四、阶段三:分镜绘制(Storyboard)

4.1 图像生成策略

class StoryboardGenerator:
    def __init__(self, provider: str = "flux"):
        self.provider = provider

    def generate_frame(self, visual_desc: str, scene_id: int,
                       style_prompt: str = "", quality: str = "2k") -> str:
        """生成单帧分镜图片"""

        # 组合完整 prompt
        full_prompt = f"{visual_desc}. {style_prompt}"

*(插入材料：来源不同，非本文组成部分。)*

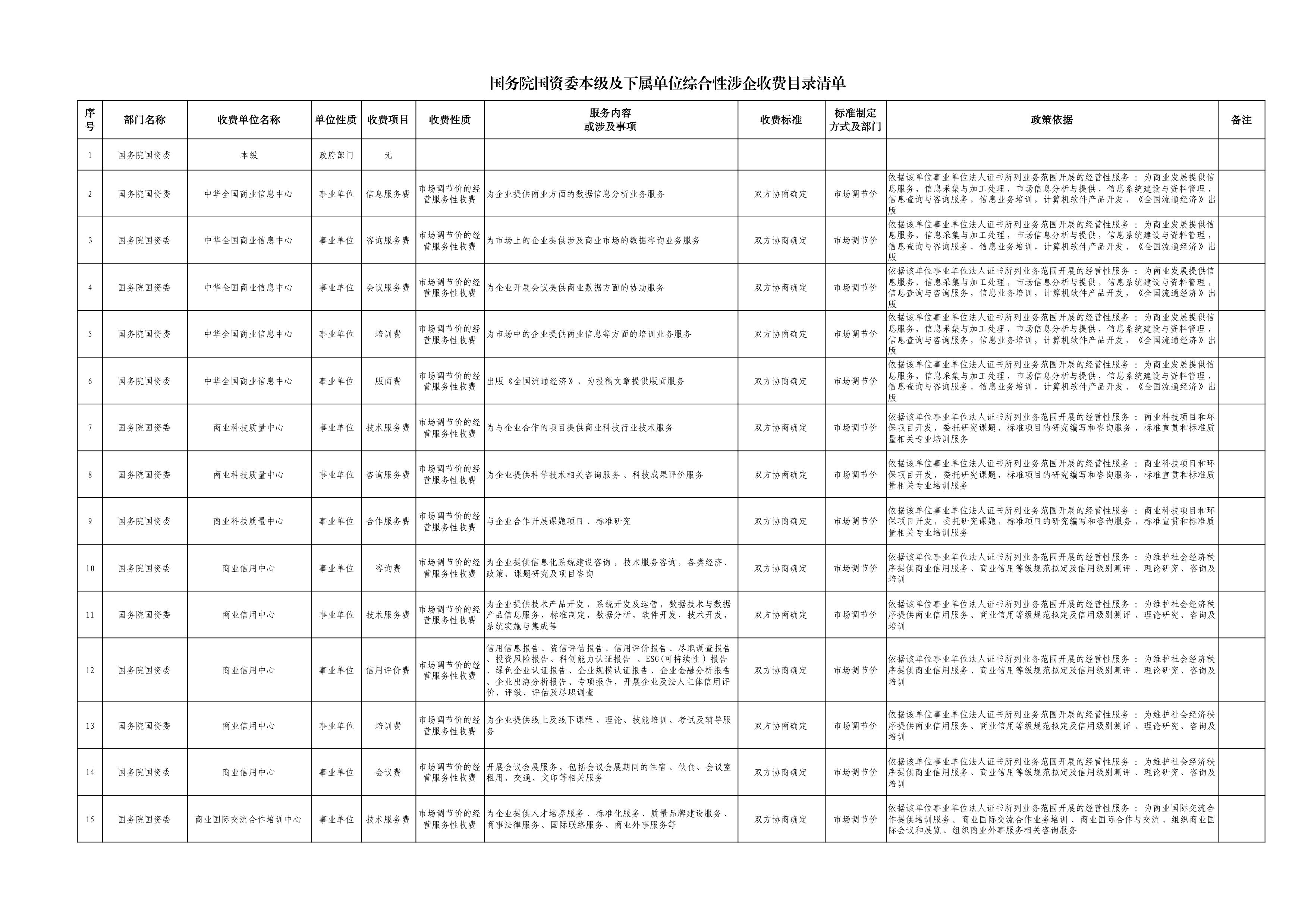 【行業動態】國務院國資委本級及下屬單位綜合性涉企收費目錄清單

        if self.provider == "flux":
            return self._generate_flux(full_prompt, scene_id, quality)
        elif self.provider == "imagen":
            return self._generate_imagen(full_prompt, scene_id, quality)

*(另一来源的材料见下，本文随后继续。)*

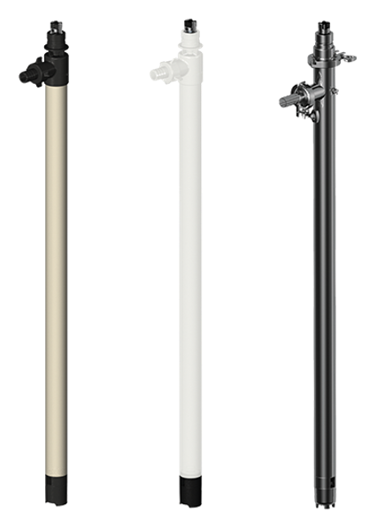 Материалы насосной части: PP, PVDF и нержавеющая сталь. Электродвигатель может быть как общепромышленным, так и взрывозащищенным. Максимальная подача: 150 л/мин (электродвигатель), 80 л/мин (пневмодвигатель). Глубина погружения насосной части: 700 мм, 1000 мм, 1200 мм, особые длины насосов на заказ.

    def _generate_flux(self, prompt: str, scene_id: int, quality: str) -> str:
        # Flux API 调用
        size = "1920x1080" if quality == "2k" else "3840x2160"
        response = requests.post(
            "https://api.siliconflow.cn/v1/images/generations",
            headers={"Authorization": f"Bearer {SILICON_FLOW_KEY}"},
            json={
                "model": "black-forest-labs/FLUX.1-schnell",
                "prompt": prompt,
                "image_size": size,
                "num_inference_steps": 20
            }
        )
        image_url = response.json()["images"][0]["url"]
        # 下载并保存
        output_path = f"storyboard/frame_{scene_id:02d}.png"
        download_image(image_url, output_path)
        return output_path

    def generate_all_frames(self, scenes: list[dict],
                            style: str = "cinematic, high quality",
                            concurrency: int = 3) -> list[dict]:
        """并发生成所有分镜帧"""
        import concurrent.futures

        results = []
        with concurrent.futures.ThreadPoolExecutor(max_workers=concurrency) as executor:
            futures = {
                executor.submit(
                    self.generate_frame,
                    scene["visual_description"],
                    scene["scene_id"],
                    style
                ): scene for scene in scenes
            }
            for future in concurrent.futures.as_completed(futures):
                scene = futures[future]
                frame_path = future.result()
                results.append({
                    "scene_id": scene["scene_id"],
                    "frame_path": frame_path
                })

        return sorted(results, key=lambda x: x["scene_id"])

4.2 风格一致性保证

多帧之间的风格一致性是分镜环节的核心挑战:

STYLE_CONSISTENCY_PROMPT = """
Consistent visual style throughout: same color palette (warm earth tones),
same lighting direction (golden hour from left), same artistic style
(photorealistic cinematic), same camera characteristics (35mm film grain,
shallow depth of field). Maintain visual coherence across all frames.
"""

# 方法 1:全局风格前缀
def build_consistent_prompt(visual_desc: str, global_style: str) -> str:
    return f"{global_style}. {visual_desc}"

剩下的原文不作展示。